Here's the problem: joey@dragon:~>locale | grep CtypE LC_CTYPE="POSIX" joey@dragon:~>echo '—' > foo.html joey@dragon:~>w3m -dump foo.html ? That comes out as a '?' because w3m apparently internally converts it to the utf-8 character for mdash (which is not '-', but the other dash), and then discovers it's not in the character set for this terminal and decides to render it as a question mark. When reading a document with lots of —, “, &helip; and other fancy entities, this gets very annoying. Instead, w3m should be aware of the character set and just use available characters that are close to the right ones, like "-". Other browsers, such as lynx, do that.

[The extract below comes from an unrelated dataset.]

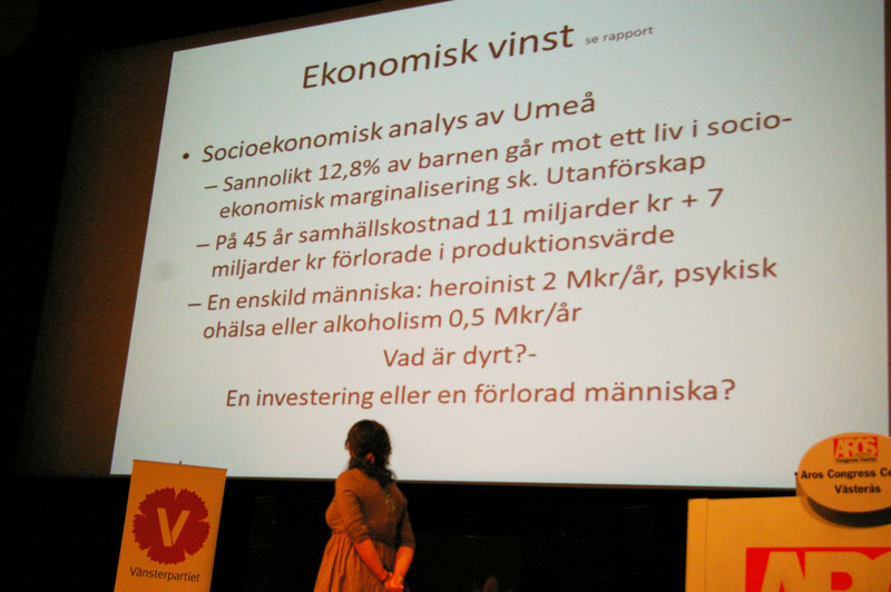 Jag tycker att Jonas Sjöstedt och Ulla Andersson kom in på det mycket bättre. Någonstans så är alltid grunden för allt som ska göras i ett samhälle ekonomin. Hur tråkigt och osexigt ekonomi än är, jämfört med att hjälpa utsatta människor till ett bättre liv, så krävs det en fungerande ekonomi, i synnerhet när världsekonomin är i rejäl kris, för att alls kunna avdela pengar till de som behöver det.

Hi, For this, iconv can be much helpful: $ hexdump foo 0000000 e2 80 94 0a $ iconv -f utf-8 -t latin1//translit < foo -- $ The //translit suffixe tells iconv to translate everything. So w3m should do something like: #define TRANSLIT "//translit" char *codeset = nl_langinfo(CODESET); int len = strlen(codeset); char *charset = malloc(len+strlen(TRANSLIT)+1); memcpy(charset,codeset,len); memcpy(charset+len,TRANSLIT,strlen(TRANSLIT)+1); conv = iconv_open(charset, page_charset); iconv(conv, ...); Regards, Samuel
Hi, Any news?
Dear Maintainer, I wonder it this bug report can be closed for w3m in Debian 7. I got the correct output $ echo '—' > foo.html $ w3m -dump < foo.html — Regards Markus
Still not improved.
$ w3m -dump foo.html
?
$ w3m -dump -T text/html < foo.html
?
Thanks,
--
Tatsuya Kinoshita